Then there’s Babel. Honestly, when I first saw the trailer, I thought it was gonna be some cool Bible movie about the tower, but then it wasn’t. It’s a cool concept I’ve seen done before, and it sort of reminded me of Traffic without the annoying filters and Catherine Zeta Jones play acting. The film intersects three very different places as far from Morocco to Mexico to Japan and the USA. Brad Pitt plays a man whose made some terrible mistake that is never explained and his wife is Cate Blanchett (who I’ve really liked in certain films and hated in others). She is shot in a horrible random situation that the American gov’t way to quickly deams a terrorist action (which it is not) by a gun sold to a man from a hunting guide who received it from a Japanese business man on vacation whose daughter is a deaf-mute who is seeking some affection from anyone by trying to give up her virginity to anyone and everyone. Pitt’s children are being watched by the family’s illegal Mexican nanny who wants to go to her son’s wedding in Mexico. She can’t find a sitter and sneaks the two very white, blond haired children into Mexico. Sounds confusing? It isn’t until Pitt’s side of a conversation towards the end is the same as a conversation from the other end at the very beginning of the film.
Ever see those films that make you really really hope everything turns out ok? This falls into that category, but I honestly feared it wouldn’t. I thought people would die. They didn’t. Some people will be pissed when the nanny is eventually deported. Her comments that she’s made a good life for herself in the US during the past 16 years, and the INS officer’s heartless response was that she should’ve thought about that before she came illegally, gave rise to current Southwestern political issues. (No, she doesn’t get to stay. Oh well.) Some would ask why Blanchett (who can sometimes be awesome) wasn’t nominated (remember when she won for The Aviator? Brilliant), and my response was, why give some chick an Oscar for spending the whole movie writhing in pain and almost dying. The wrinkles around Pitt’s eyes bothered me. I don’t know if it was makeup or all the sun he gets in third world countries with Angelina. So let’s not be too cynical here. Rinko Kikuchi who plays the Japanese deaf-mute was nominated deservingly so. But I think that her nomination is her reward. My God, the girl doesn’t talk and is naked in the film. (This isn’t the porn awards.) Barraza, who plays the nanny, probably did the best acting in the film especially as she hobbled across the desert in her groom-mother gown trying to save Pitt’s kids. (One of whom I must add was played by Elle Fanning, Dakota’s little sister who doesn’t say a whole heck of a lot in this film, but does look like a younger, littler version of her talented bigger sister.)
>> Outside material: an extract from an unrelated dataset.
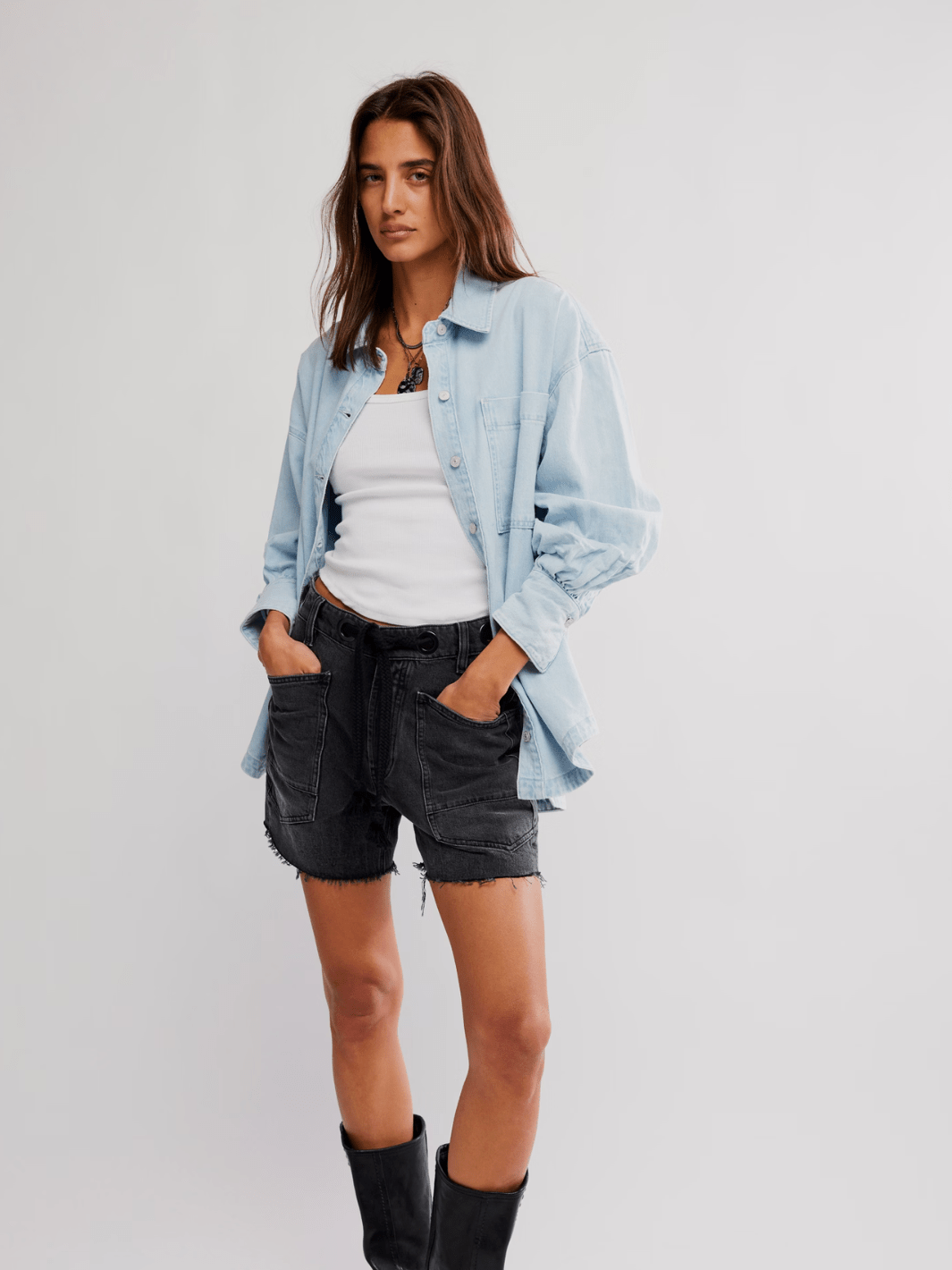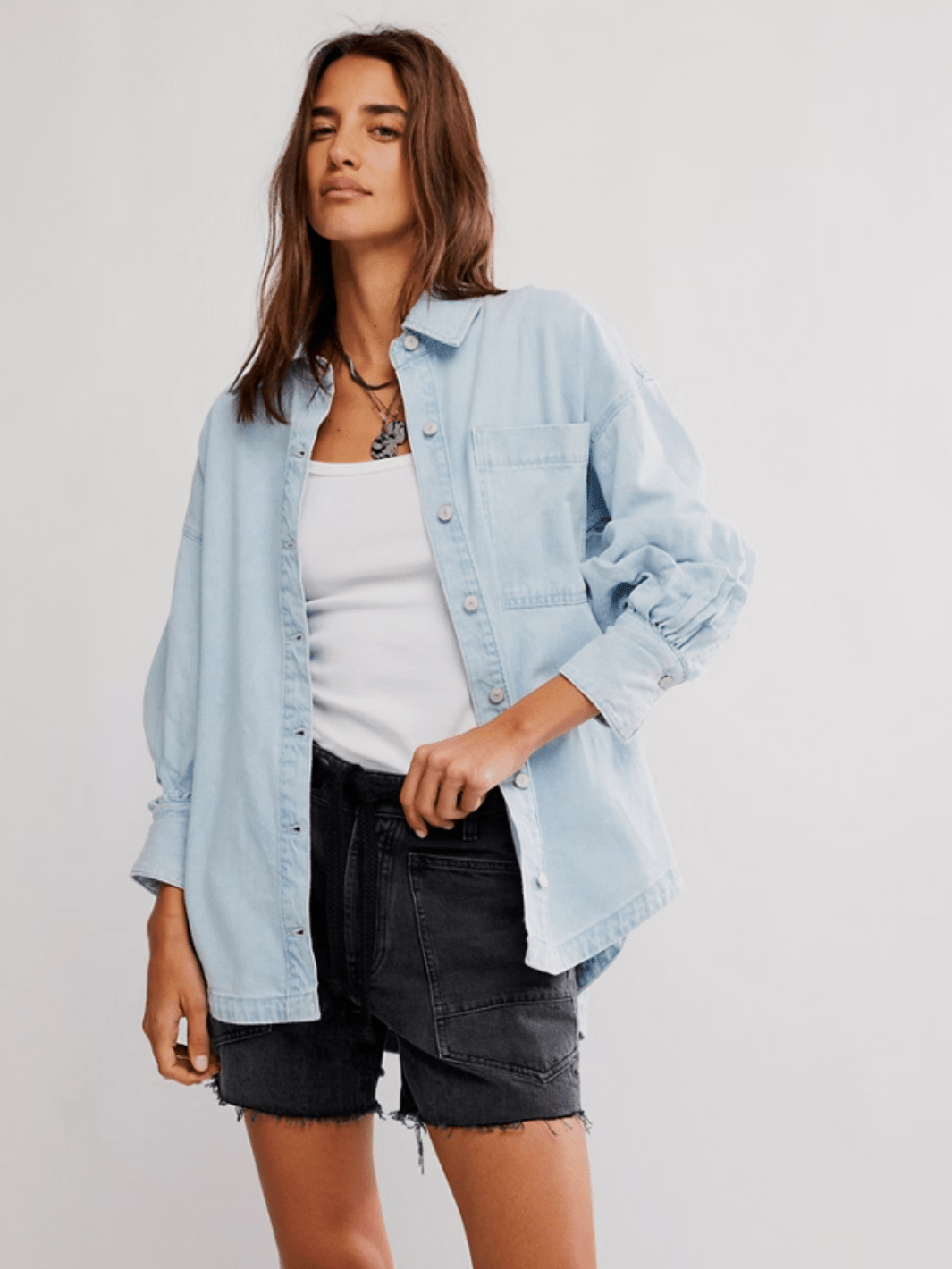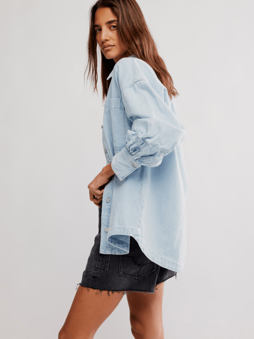 Cool, classic, and effortlessly oversized—this denim button-down is your everyday layer with major off-duty vibes.

This film is one of the most nominated with seven nods this year (I do NOT count Dreamgirls since the damn thing was nominated three times in the same category!). I can’t say if they will take Best Supporting Actress, but I sure hope they best lose director (come on, give Scorsese his due!) Should it be the Best Picture? Maybe. It’s up against The Queen (you know my opinion of that one), United 93 (just because it’s about 9/11 and Oliver Stone didn’t make it), a artsy Little Miss Sunshine, Letters from Iwo Jima, and The Departed, which is its biggest contender. The film editing was brilliant (I didn’t see Blood Diamond yet, so no comparison comments here) and the Score was wonderful. It definitely had The Queen beat on this one, but my problem with that was sometimes it was almost too loud, too over the top, and too annoying. Although the scenes when we hear (or don’t hear) the film from Chieko’s (Kikuchi) point of view are done very well! Ok, more later, my movie going maniacs.